• _Brief_
No picture should appear in the copy. Transcribe exactly, and only, the lines from the one with "Your cozy getaway" through the last line of the data below.

• _Records shown_
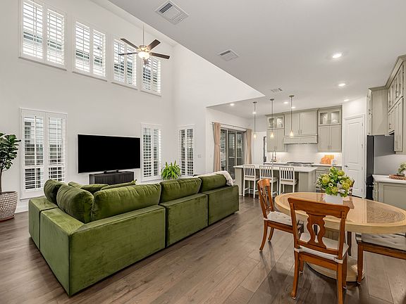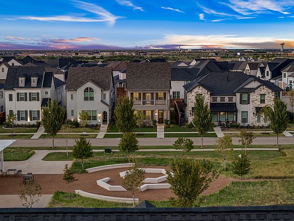 Rare park-front views, walkable resort style amenities and a low maintenance lifestyle - all just moments from the PGA District, Fields Ranch golf and future Fields West, the city’s next destination for premier shopping, dining, and entertainment. Enjoy peaceful green views from your private balcony. This open, modern design with a spacious two-story gathering space offers bright living areas and high quality finishes throughout. Off the foyer, a versatile front bedroom with double doors makes the perfect study or guest space, adjacent to a full bath with a walk-in glass shower and vanity. The kitchen flows seamlessly into the dining nook and spacious living area with soaring ceilings and a wall of windows bringing in an abundance of natural light through beautiful plantation shutters throughout the main level. A sliding door opens to a covered patio and side yard. Upstairs, the open loft provides a flexible game or media area. Two secondary bedrooms feature walk-in closets and share a full bath with a glass-enclosed tub-shower combo. The luxurious primary suite offers a vaulted ceiling, plantation windows, and private balcony. The ensuite bath showcases double French doors, dual vanities, spa-like glass shower, and dual custom walk-in closets. Just steps away from elevated community amenities including two resort- style pools with cabanas and grills, a clubhouse, gathering spaces, state of the art fitness center, tennis and pickleball courts with an activities director on site to curate events designed for connection. Don’t miss the opportunity to live in this premier destination with all that Fields Frisco has to offer!
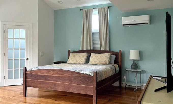 Your cozy getaway awaits in Princeton at this lovely apartment in our 1770 farmhouse. With 2 bedrooms featuring a king and queen bed, 65" tv, 2 bathrooms with showers,, and essential amenities like WiFi, AC, soaps, linens, you will feel right at home. Whether you're exploring the downtown or retreating to the country, this 250 year old property is the perfect base for your stay.
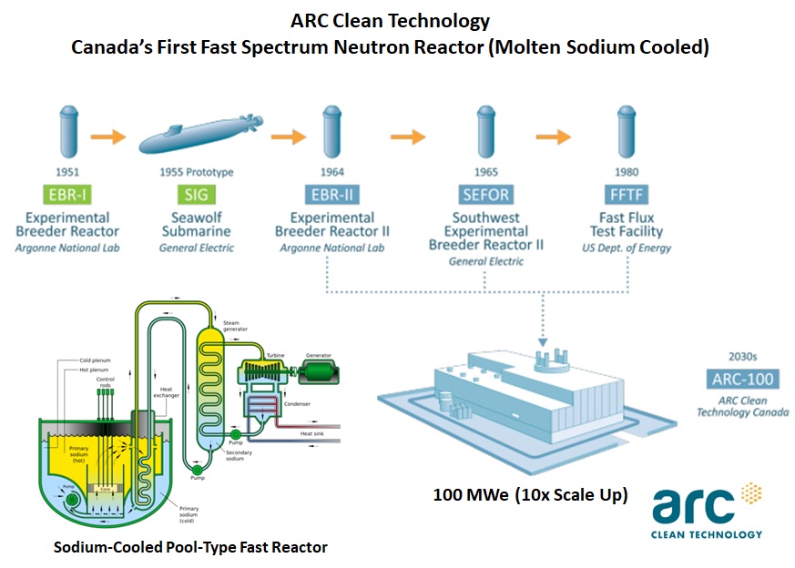 ARC’s liquid sodium cooled SMR has a 100 MWe power output that is 8x smaller than Ontario Power Generation’s (OPG) Darlington facility CANDU reactors and 3x smaller than the GE Hitachi BWRX-300 SMR also being built at Darlington and chosen by SaskPower as a candidate technology vendor.
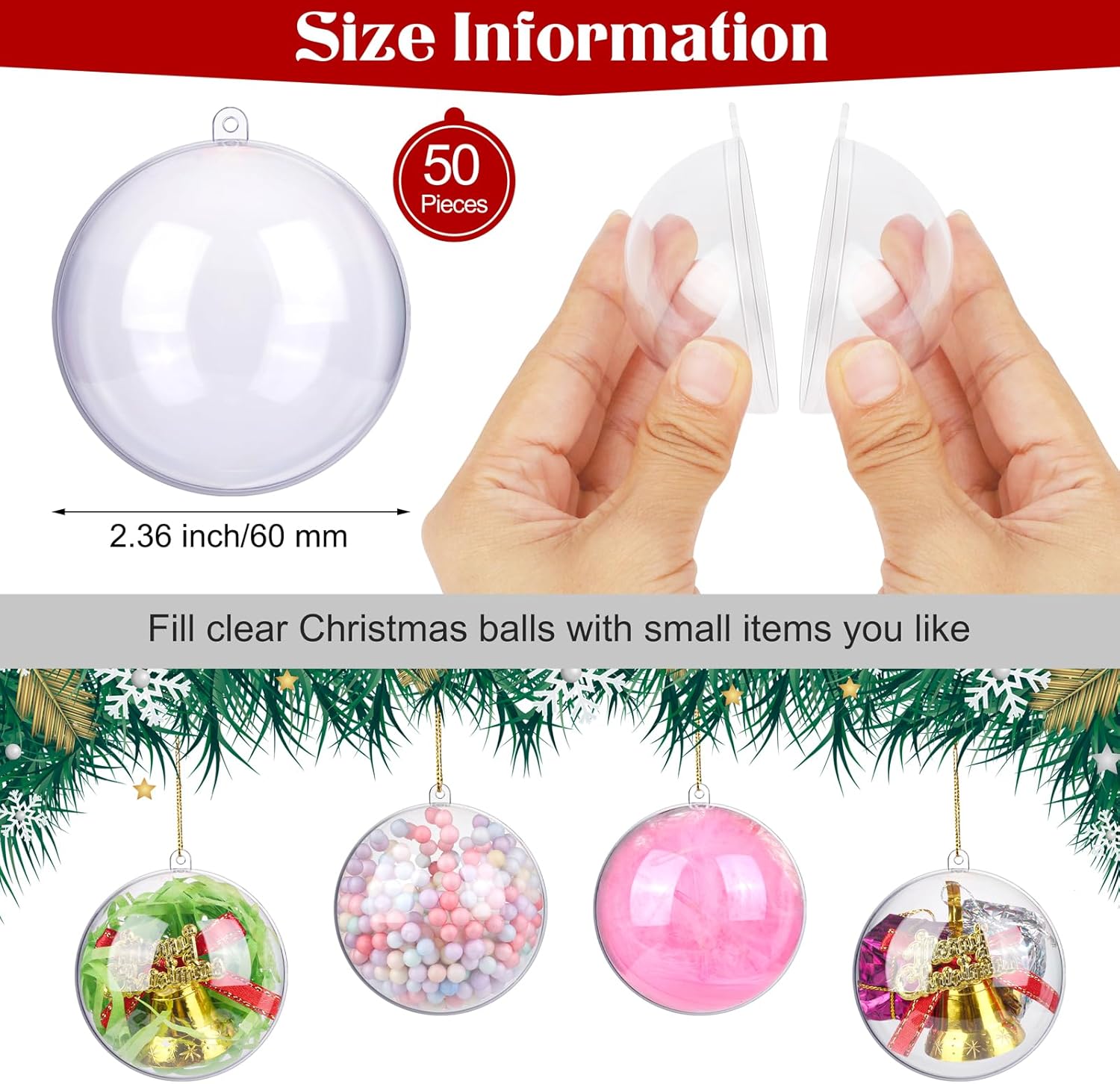 ANVAVO 50 Clear Plastic Fillable Ball Ornaments - DIY Craft Transparent Baubles - Shatterproof Christmas Tree Hanging Ornaments for Christmas, New Years, Birthday, Wedding, Home Decor
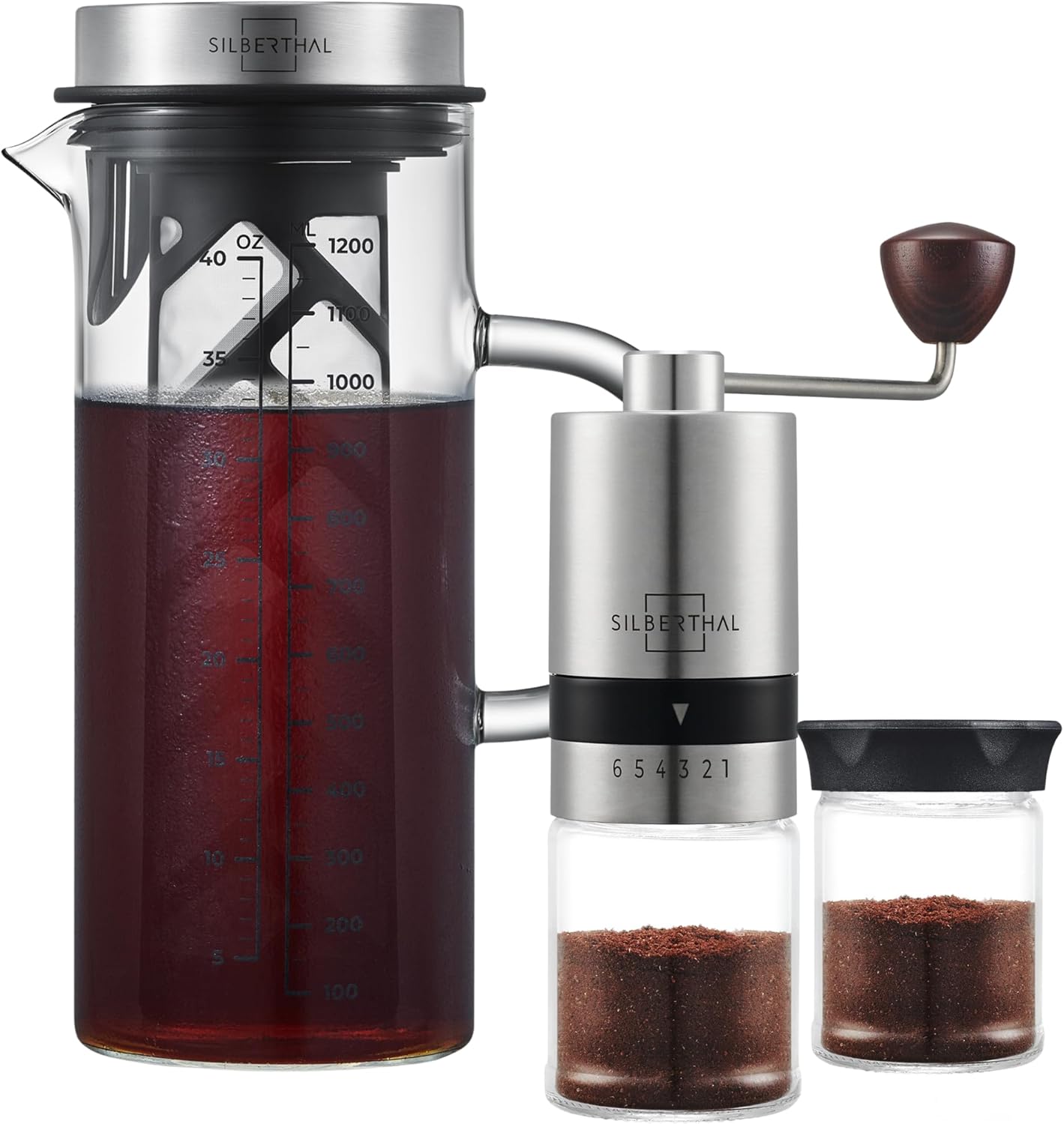 SILBERTHAL Kaffeemühle manuell und Cold Brew Coffee Maker - Genuss Set für Kaffeeliebhaber im Sommer Kaffeemühle mit Cold Brew Set | قیمت یورویی 98.65€

• _Output_
 Your cozy getaway awaits in Princeton at this lovely apartment in our 1770 farmhouse. With 2 bedrooms featuring a king and queen bed, 65" tv, 2 bathrooms with showers,, and essential amenities like WiFi, AC, soaps, linens, you will feel right at home. Whether you're exploring the downtown or retreating to the country, this 250 year old property is the perfect base for your stay.
 ARC’s liquid sodium cooled SMR has a 100 MWe power output that is 8x smaller than Ontario Power Generation’s (OPG) Darlington facility CANDU reactors and 3x smaller than the GE Hitachi BWRX-300 SMR also being built at Darlington and chosen by SaskPower as a candidate technology vendor.
 ANVAVO 50 Clear Plastic Fillable Ball Ornaments - DIY Craft Transparent Baubles - Shatterproof Christmas Tree Hanging Ornaments for Christmas, New Years, Birthday, Wedding, Home Decor
 SILBERTHAL Kaffeemühle manuell und Cold Brew Coffee Maker - Genuss Set für Kaffeeliebhaber im Sommer Kaffeemühle mit Cold Brew Set | قیمت یورویی 98.65€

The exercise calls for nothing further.